Justice

How Wisconsin Became the Home of Black Incarceration

The unrest in Milwaukee cannot be separated from the historic mass incarceration of black residents there and across Wisconsin.
Police meet a group of protesters in Milwaukee on Sunday, Aug. 14, 2016.Jeffrey Phelps/AP

Milwaukee remains in a state of civil unrest following the officer-involved killing last weekend of Sylville K. Smith, a 23-year-old black male who police claim was fleeing from a traffic stop. The reasons for the unrest are as complex and historical as they are urgent. In Milwaukee, as in much of America, black residents suffer intense neighborhood segregation, income inequality, and a disproportionate amount of officer-involved shootings. But the rates of incarceration for black males set Milwaukee, and Wisconsin more broadly, apart from the rest of the country.
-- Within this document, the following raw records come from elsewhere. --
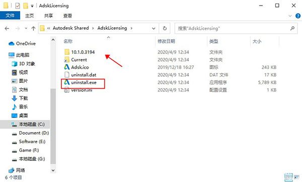 4、打开路径C:Program Files (x86)Common FilesAutodesk SharedAdskLicensing,点击uninstall.exe把v10版本卸载干净,重启电脑
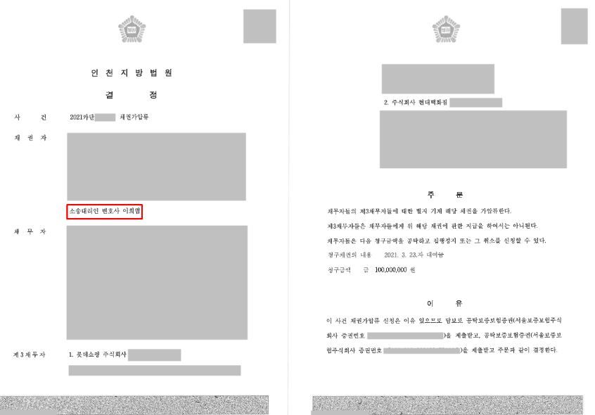 저희 사무실에서는 채권 가압류가 필요한 이유를 소명하여 판사를 설득시켰고 이를 채무자 모르게 비밀리에 은밀하게 진행하여 그 결과 백화점들에 대한 채권 가압류 결정을 단 하루만에 얻어낼 수 있었습니다.
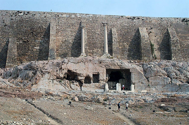 Theatre of DionysosThe choregic monument of Thrasyllos of Dekeleia, the choregos, placed in a cave on the south slope of the Akropolis above the theatre of Dionysos. The Corinthian columns belong to a Roman monument. Date: 320/19 BC. Bibliography Camp II, J. M. 2001. The archaeology of Athens. (New Haven: Yale University Press) 162-63, fig. 157. Inscription: IG II2 3056.
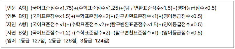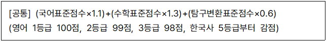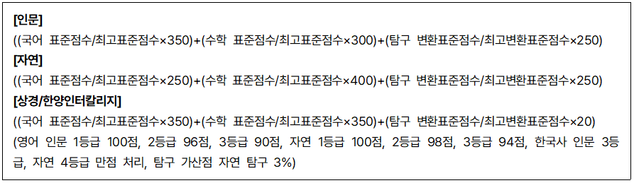 한양대는 가군 826명, 나군 269명, 다군 60명을 모집하였다. 2025 정시 환산점 산출 공식은 다음과 같다.
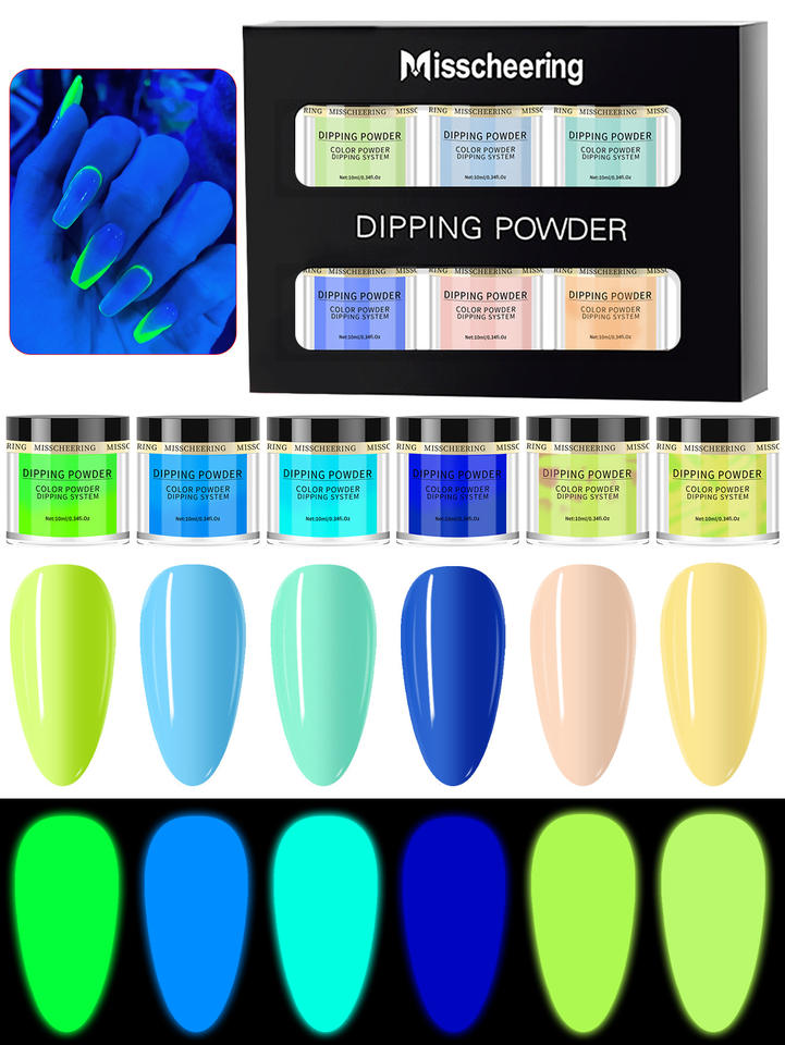 Kit de Uñas con Polvo para Decoración, 6 Piezas, Secado Rápido, Colores Verde y Azul de Verano, Manicura Francesa para Uso en Casa o Salón

Beverly Walker is a Milwaukee resident whose husband has been incarcerated for nearly two decades after he was found guilty as an accessory to an armed robbery in which no one was injured. Walker has fought for his parole for nearly a decade. She says the riots must be understood in the context of African-American residents’ long-simmering frustration over the city’s excessive incarceration of black men.

“The community is out, trying to get the attention of the governor and the legislature, and we’re just not getting what we need,” says Walker. “It’s creating frustration. A lot of those kids out there don’t even have fathers. Their fathers are sitting in prison for something they should already be out for.”

The riots broke out in Milwaukee’s Sherman Park on Sunday, just a few blocks away from the city’s 53206 zip code, which is 95 percent black and has the highest incarceration rate in the country. In 53206, where Walker lives, nearly every residential block has multiple numbers of ex-offenders with prison records as of 2012.